I have also tryied to set the entire dataframe’s column is_valid to True, but it is not permitted.

ForBo7 · January 6, 2023, 5:01am

You can simply omit the splitter parameter in the DataBlock class.

Redevil · January 6, 2023, 4:32pm

@ForBo7 Thanks
I tried to remove the splitter , but it still takes a portion of the dataset for validation.

chrwittm · January 9, 2023, 6:44am

@BobMcDear Thanks for clarifying and also thanks to @Redevil for starting the discussion on how to actually implement using 100% of the training data in code.

I am currently working on lesson 4 and therefore I use the Hugging Face Trainer (same as the learner in Fast.AI). I could successfully show the model the full training set after a few epochs on “normal training rounds” by doing the following: (and it actually improved the result significantly)

    if train_all:
        #get the model which was trained before on 75% of the training data
        model = trainer.model
        #create a new test set since a test will be required by the trainer
        dds = tok_ds.train_test_split(0.25, seed=seed) 
        # one more epoch with all the data
        epochs=1

        args = TrainingArguments('outputs', learning_rate=lr, warmup_ratio=0.1, lr_scheduler_type='cosine', fp16=True,
            evaluation_strategy="epoch", per_device_train_batch_size=bs, per_device_eval_batch_size=bs*2,
            num_train_epochs=epochs, weight_decay=0.01, report_to='none', gradient_accumulation_steps=1,
                                save_steps=-1)

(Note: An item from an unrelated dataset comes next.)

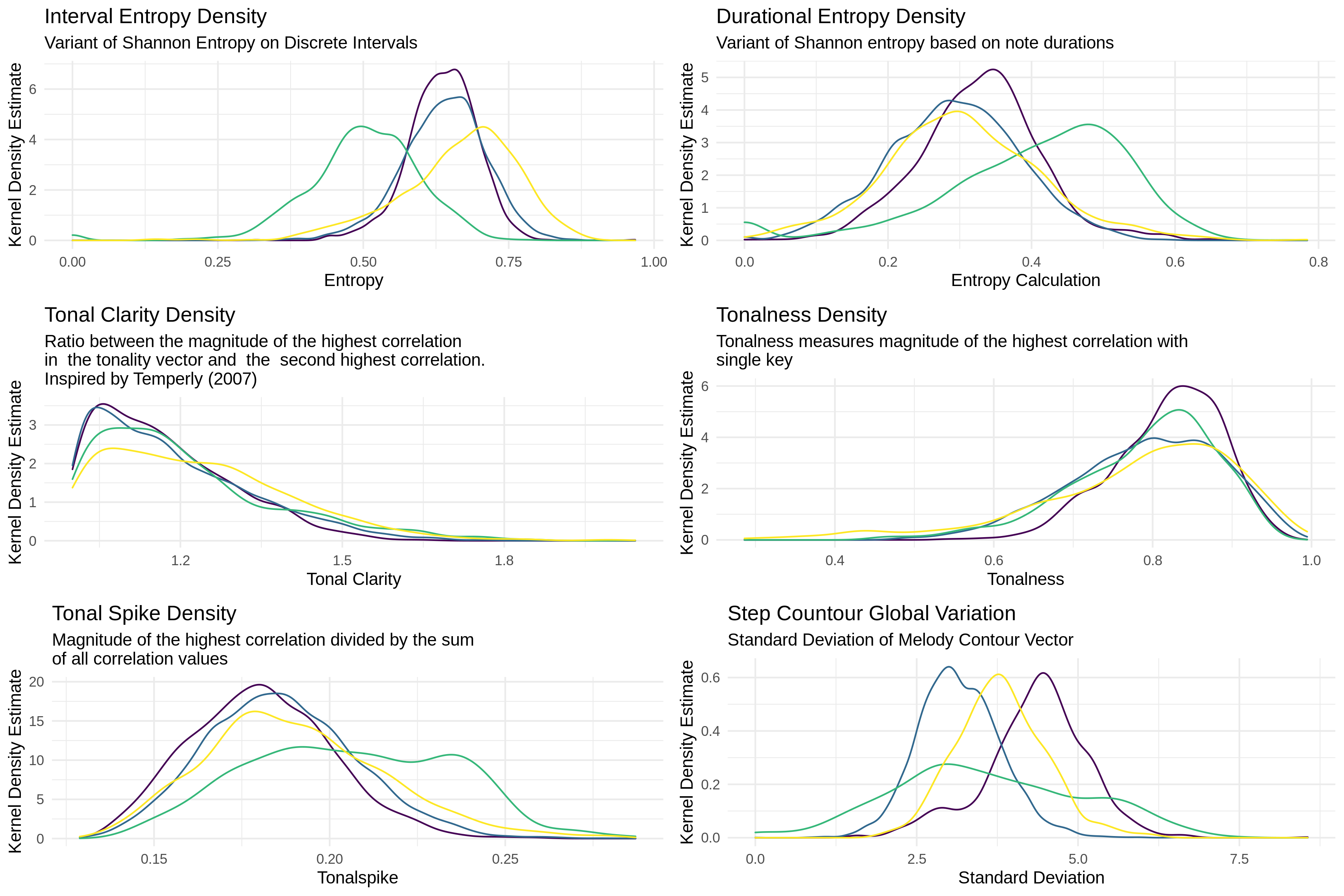 Figure 3 moves from data derived from count features of analyzable tokens to instead compute various summary statistics features derived from the FANTASTIC toolbox (Müllensiefen, 2009). The FANTASTIC toolbox, an acronym for Feature ANalysis Technology Accessing STatistics (In a Corpus), is a computational implementation of summary features of melodies inspired by work in computational linguistics, music theory, and music psychology. Brief descriptions of each feature are provided in the captions of the figures. For a complete description of each of the features, interested readers should consult the FANTASTIC documentation, but I note that all of the FANTASTIC computations for the MeloSol, Essen, and Densmore are found in the MeloSol repository for reproducible and future research.
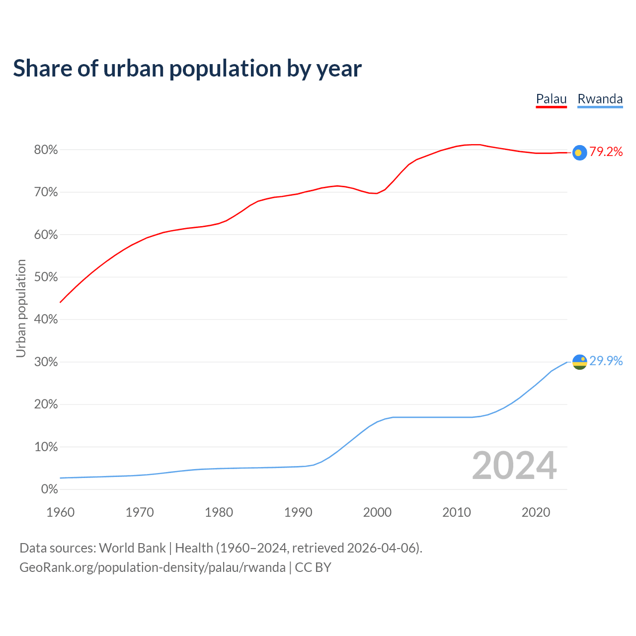 From 2004 to 2024, the share of urban population changed from 76.4% to 79.2% in Palau and from 16.9% to 29.9% in Rwanda.

        # pass the full dataset as training data and the test split as validation data
        trainer = Trainer(model, args,
                          train_dataset=dataset,
                          eval_dataset=dds['test'],
                          tokenizer=tokz)

        trainer.train()

Question: Is this the intended way of training on the full training set, i.e. to first do the training “as usual” and then run another epoch with the full training data? Or would you suggest a different approach?

Redevil · January 9, 2023, 11:04am

Hi @chrwittm
When you train the model with the full dataset, you have to “reset” the (weights of) previous trainer.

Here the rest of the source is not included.